(Records for the task begins)

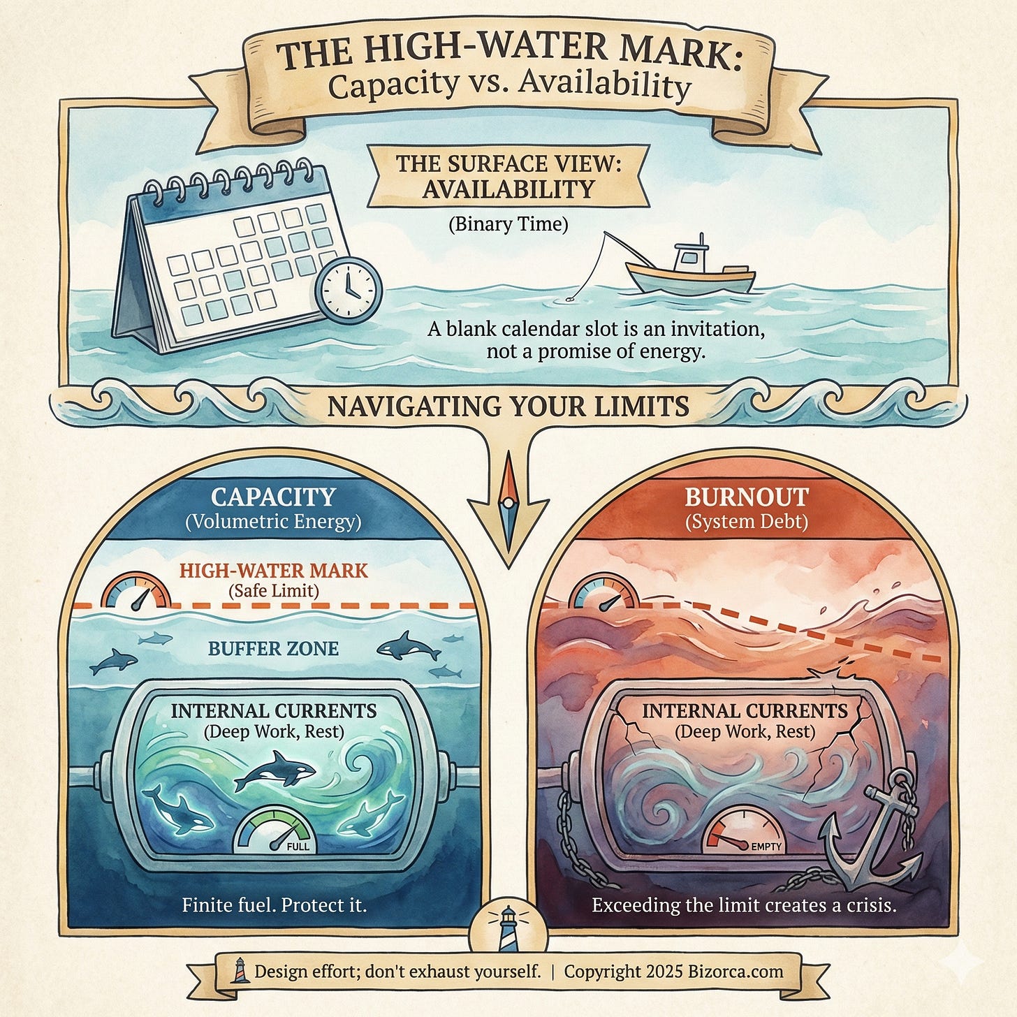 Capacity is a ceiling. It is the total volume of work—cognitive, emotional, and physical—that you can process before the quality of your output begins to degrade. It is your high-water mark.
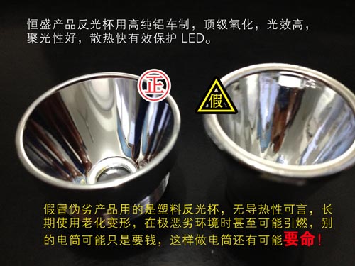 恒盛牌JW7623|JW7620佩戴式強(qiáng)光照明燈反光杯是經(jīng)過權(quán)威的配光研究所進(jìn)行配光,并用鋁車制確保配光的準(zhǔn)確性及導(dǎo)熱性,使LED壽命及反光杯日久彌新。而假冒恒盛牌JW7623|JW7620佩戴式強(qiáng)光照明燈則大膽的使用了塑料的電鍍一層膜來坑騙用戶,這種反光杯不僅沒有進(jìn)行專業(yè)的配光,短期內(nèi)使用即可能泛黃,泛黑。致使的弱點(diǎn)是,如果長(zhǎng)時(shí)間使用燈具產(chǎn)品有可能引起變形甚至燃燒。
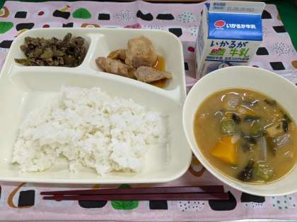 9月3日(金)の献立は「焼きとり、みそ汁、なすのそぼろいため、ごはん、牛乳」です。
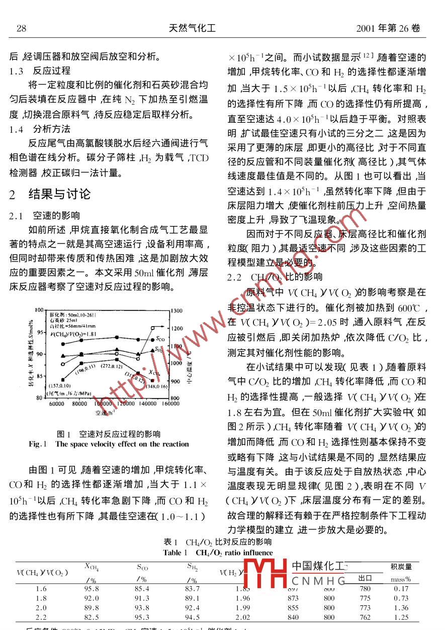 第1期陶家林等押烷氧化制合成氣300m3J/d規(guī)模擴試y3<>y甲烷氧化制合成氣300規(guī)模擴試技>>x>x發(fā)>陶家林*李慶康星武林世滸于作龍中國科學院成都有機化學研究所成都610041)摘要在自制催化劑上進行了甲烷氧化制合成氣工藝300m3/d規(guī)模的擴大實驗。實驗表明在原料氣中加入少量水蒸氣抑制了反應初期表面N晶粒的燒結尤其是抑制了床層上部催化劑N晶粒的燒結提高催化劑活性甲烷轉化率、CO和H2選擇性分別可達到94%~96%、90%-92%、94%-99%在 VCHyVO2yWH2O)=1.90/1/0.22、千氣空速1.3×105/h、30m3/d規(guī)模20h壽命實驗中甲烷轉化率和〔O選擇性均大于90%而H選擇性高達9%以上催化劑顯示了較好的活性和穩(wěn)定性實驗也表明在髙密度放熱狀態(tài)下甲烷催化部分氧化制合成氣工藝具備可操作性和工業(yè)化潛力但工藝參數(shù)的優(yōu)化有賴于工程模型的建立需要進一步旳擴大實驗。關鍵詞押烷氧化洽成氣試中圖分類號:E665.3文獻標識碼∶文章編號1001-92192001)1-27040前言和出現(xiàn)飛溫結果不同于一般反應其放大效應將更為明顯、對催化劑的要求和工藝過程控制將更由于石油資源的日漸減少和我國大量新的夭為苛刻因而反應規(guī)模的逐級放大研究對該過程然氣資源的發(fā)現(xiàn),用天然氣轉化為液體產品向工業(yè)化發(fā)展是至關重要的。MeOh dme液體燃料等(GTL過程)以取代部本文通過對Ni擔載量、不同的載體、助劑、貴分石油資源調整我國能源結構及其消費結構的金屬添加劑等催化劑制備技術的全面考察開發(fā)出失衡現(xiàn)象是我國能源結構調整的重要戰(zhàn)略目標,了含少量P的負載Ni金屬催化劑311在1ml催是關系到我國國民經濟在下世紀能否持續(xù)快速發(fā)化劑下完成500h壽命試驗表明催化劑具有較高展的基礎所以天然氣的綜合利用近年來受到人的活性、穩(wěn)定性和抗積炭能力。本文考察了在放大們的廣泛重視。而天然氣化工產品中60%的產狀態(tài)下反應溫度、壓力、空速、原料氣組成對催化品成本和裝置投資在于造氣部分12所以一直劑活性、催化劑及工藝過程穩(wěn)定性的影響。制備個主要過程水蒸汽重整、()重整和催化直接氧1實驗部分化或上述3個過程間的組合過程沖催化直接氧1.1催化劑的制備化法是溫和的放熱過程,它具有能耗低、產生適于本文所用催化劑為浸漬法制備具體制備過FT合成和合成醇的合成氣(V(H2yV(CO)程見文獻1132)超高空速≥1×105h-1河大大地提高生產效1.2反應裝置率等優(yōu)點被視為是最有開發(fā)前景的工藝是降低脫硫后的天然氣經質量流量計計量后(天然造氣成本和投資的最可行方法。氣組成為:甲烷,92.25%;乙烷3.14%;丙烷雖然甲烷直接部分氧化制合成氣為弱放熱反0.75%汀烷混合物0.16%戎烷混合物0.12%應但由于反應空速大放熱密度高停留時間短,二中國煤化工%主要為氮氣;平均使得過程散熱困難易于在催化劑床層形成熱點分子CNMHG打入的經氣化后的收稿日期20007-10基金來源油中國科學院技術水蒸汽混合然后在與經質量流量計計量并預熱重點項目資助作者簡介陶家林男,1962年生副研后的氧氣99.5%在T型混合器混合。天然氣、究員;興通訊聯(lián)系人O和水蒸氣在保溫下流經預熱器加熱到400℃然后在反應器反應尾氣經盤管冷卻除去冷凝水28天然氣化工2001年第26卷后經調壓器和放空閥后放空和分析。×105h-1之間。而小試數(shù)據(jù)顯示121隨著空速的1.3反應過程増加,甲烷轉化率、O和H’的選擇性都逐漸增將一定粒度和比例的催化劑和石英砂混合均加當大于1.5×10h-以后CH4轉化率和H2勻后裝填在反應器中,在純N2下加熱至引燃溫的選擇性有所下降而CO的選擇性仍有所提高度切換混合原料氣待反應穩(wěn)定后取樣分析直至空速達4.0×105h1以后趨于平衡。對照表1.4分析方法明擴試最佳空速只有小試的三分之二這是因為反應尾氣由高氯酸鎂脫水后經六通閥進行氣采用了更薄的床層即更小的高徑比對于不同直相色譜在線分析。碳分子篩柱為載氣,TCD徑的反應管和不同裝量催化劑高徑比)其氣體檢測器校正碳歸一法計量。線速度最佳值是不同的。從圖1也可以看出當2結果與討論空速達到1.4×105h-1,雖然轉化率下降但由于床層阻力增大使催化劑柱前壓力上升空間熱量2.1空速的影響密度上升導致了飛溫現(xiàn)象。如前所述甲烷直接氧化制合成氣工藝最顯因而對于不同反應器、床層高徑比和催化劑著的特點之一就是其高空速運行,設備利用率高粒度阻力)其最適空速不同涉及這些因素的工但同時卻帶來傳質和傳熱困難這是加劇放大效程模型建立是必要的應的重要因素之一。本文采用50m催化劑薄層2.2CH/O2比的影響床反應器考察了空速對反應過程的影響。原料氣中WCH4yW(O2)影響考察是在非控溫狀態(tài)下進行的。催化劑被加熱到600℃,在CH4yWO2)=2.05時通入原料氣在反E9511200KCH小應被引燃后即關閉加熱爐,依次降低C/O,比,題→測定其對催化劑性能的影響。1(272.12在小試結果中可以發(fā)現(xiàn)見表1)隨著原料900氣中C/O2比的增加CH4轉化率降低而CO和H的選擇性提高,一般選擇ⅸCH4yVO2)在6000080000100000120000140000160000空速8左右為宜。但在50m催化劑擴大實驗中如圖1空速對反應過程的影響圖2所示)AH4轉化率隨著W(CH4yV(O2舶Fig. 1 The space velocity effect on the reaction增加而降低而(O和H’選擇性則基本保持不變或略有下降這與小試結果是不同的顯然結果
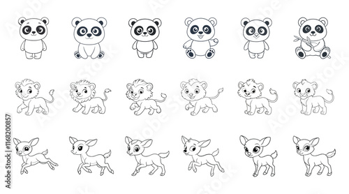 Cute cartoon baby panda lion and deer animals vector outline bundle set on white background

(Records for the task ends)
(Records for the task begins)

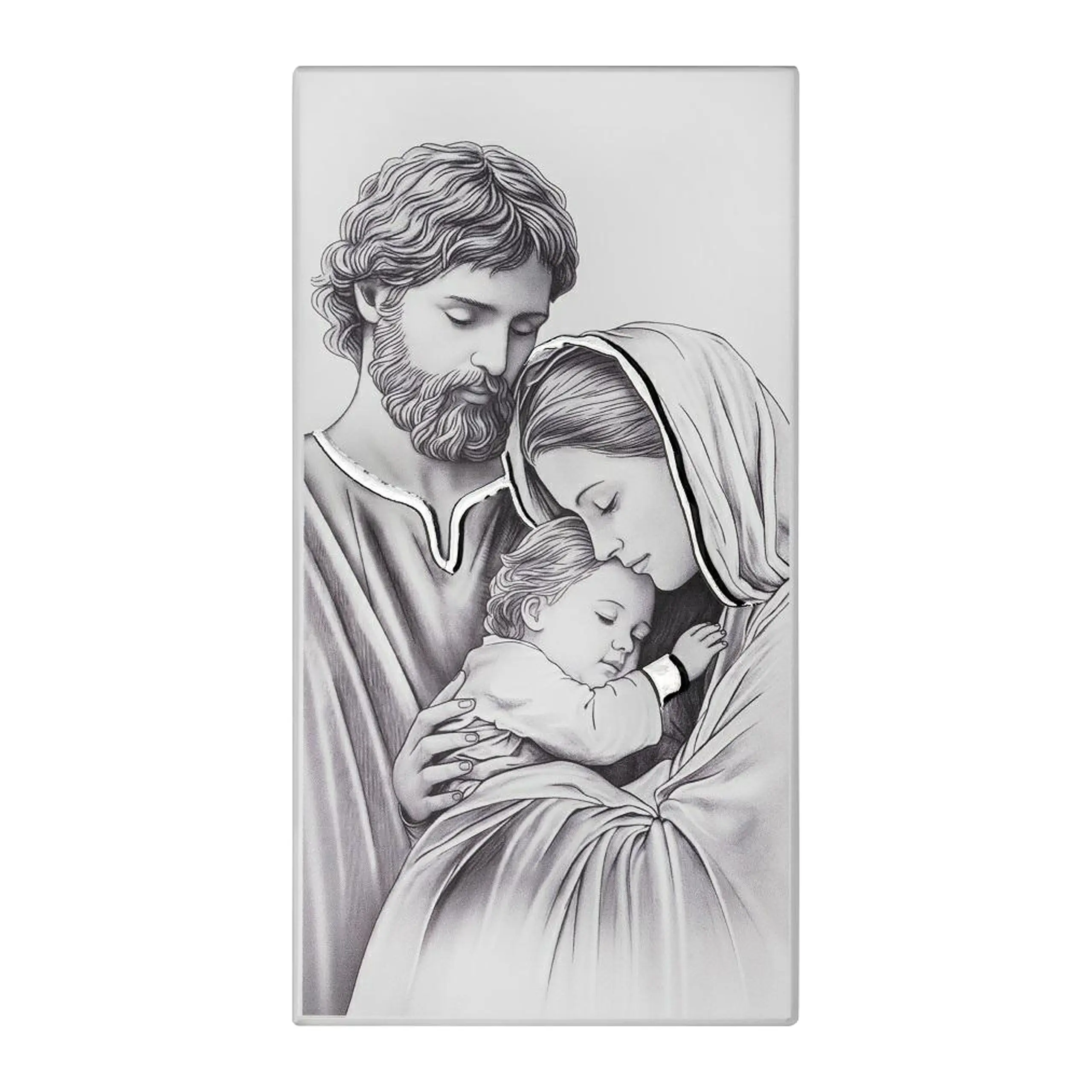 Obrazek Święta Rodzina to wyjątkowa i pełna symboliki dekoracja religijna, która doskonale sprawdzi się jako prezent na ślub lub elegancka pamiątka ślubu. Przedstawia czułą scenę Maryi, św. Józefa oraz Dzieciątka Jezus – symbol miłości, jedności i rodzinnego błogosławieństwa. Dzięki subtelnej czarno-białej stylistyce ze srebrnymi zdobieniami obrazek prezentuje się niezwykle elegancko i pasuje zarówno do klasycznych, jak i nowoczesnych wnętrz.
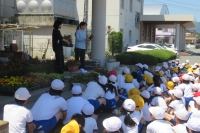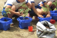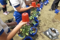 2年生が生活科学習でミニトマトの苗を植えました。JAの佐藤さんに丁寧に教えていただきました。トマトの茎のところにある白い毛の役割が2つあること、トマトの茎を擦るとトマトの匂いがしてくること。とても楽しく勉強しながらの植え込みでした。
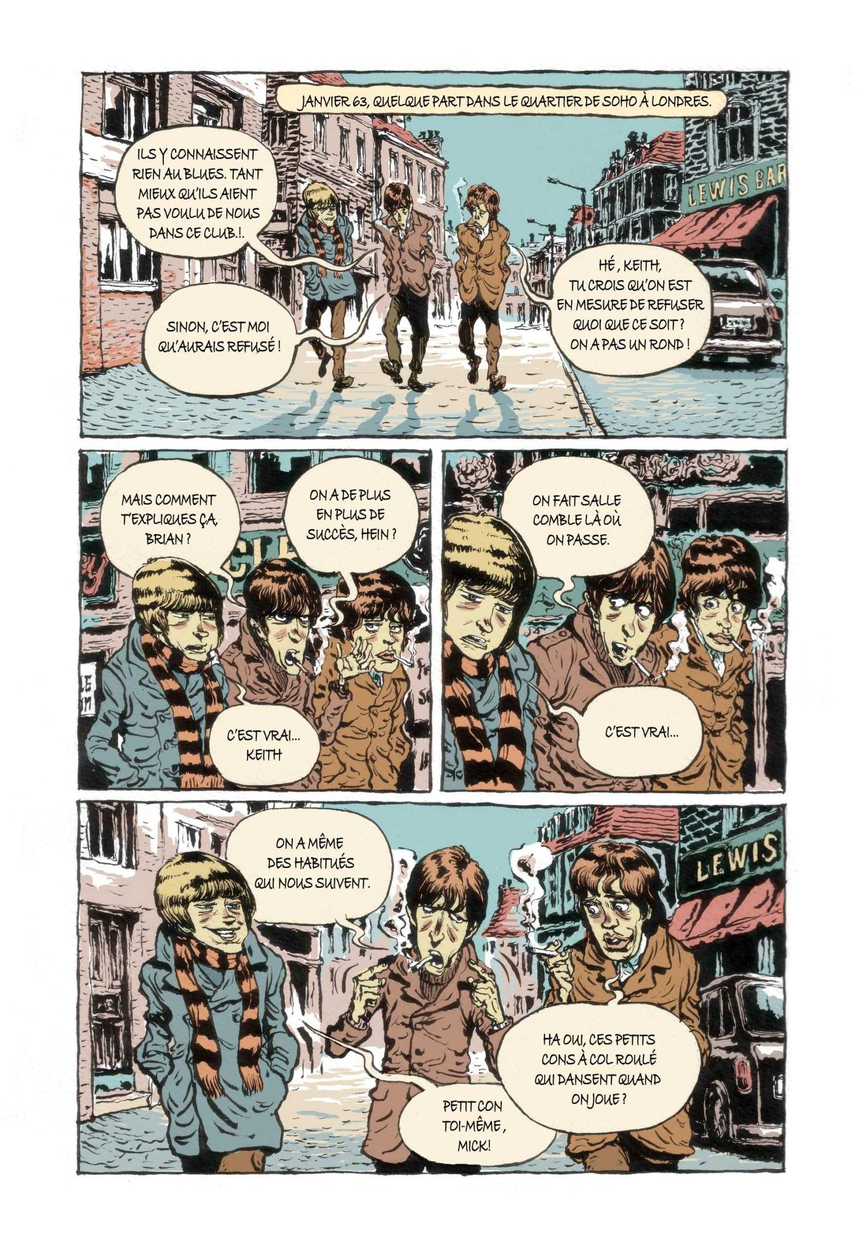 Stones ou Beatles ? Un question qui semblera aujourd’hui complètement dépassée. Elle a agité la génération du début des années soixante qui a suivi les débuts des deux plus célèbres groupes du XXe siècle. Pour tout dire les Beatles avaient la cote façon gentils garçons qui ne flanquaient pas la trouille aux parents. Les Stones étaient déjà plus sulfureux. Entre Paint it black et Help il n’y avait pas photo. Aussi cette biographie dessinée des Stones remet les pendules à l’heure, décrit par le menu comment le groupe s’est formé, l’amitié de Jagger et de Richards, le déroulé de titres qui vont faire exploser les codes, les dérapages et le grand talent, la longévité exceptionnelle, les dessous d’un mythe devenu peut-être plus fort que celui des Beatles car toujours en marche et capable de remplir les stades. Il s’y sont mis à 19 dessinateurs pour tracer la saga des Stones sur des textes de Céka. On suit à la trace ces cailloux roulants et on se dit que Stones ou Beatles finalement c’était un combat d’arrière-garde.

(Records for the task ends)
(Records for the task begins)

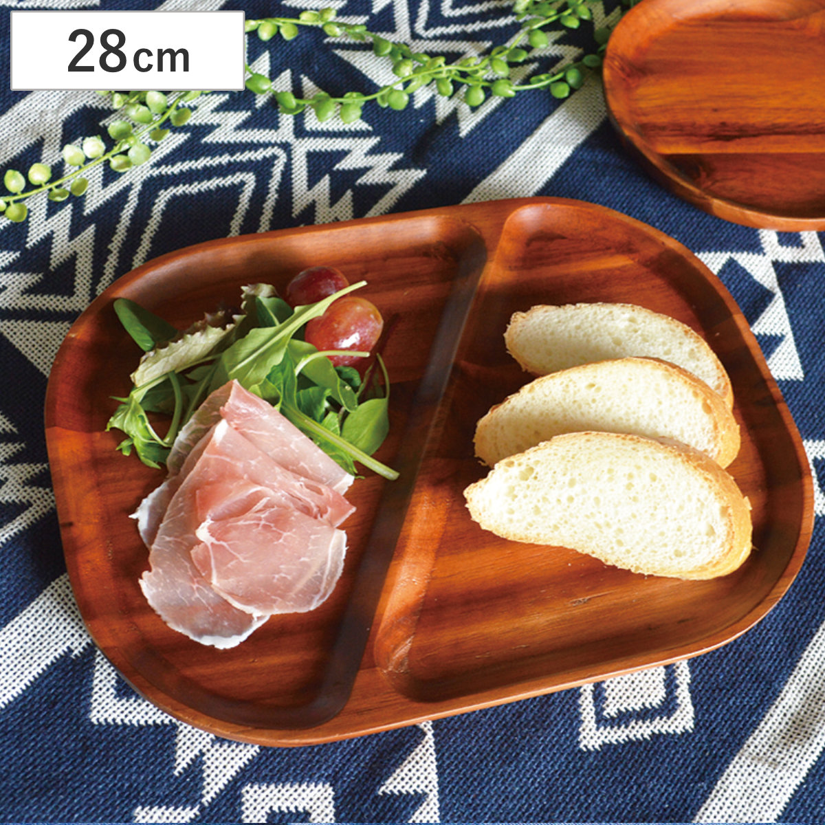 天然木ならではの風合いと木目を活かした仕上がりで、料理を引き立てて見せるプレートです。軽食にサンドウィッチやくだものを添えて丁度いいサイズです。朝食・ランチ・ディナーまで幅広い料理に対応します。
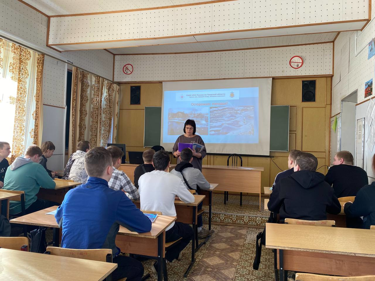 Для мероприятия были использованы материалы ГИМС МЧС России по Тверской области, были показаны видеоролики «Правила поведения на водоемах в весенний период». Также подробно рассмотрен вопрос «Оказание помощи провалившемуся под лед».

(Records for the task ends)

What the task asks
Because only one stretch of the records is wanted, please output the lines from the one holding "Capacity is a" through the one holding "9月3日(金)の献立は「焼き" exactly, both included, and leave every picture out.

The completed task
 Capacity is a ceiling. It is the total volume of work—cognitive, emotional, and physical—that you can process before the quality of your output begins to degrade. It is your high-water mark.
 恒盛牌JW7623|JW7620佩戴式強(qiáng)光照明燈反光杯是經(jīng)過權(quán)威的配光研究所進(jìn)行配光,并用鋁車制確保配光的準(zhǔn)確性及導(dǎo)熱性,使LED壽命及反光杯日久彌新。而假冒恒盛牌JW7623|JW7620佩戴式強(qiáng)光照明燈則大膽的使用了塑料的電鍍一層膜來坑騙用戶,這種反光杯不僅沒有進(jìn)行專業(yè)的配光,短期內(nèi)使用即可能泛黃,泛黑。致使的弱點(diǎn)是,如果長(zhǎng)時(shí)間使用燈具產(chǎn)品有可能引起變形甚至燃燒。
 9月3日(金)の献立は「焼きとり、みそ汁、なすのそぼろいため、ごはん、牛乳」です。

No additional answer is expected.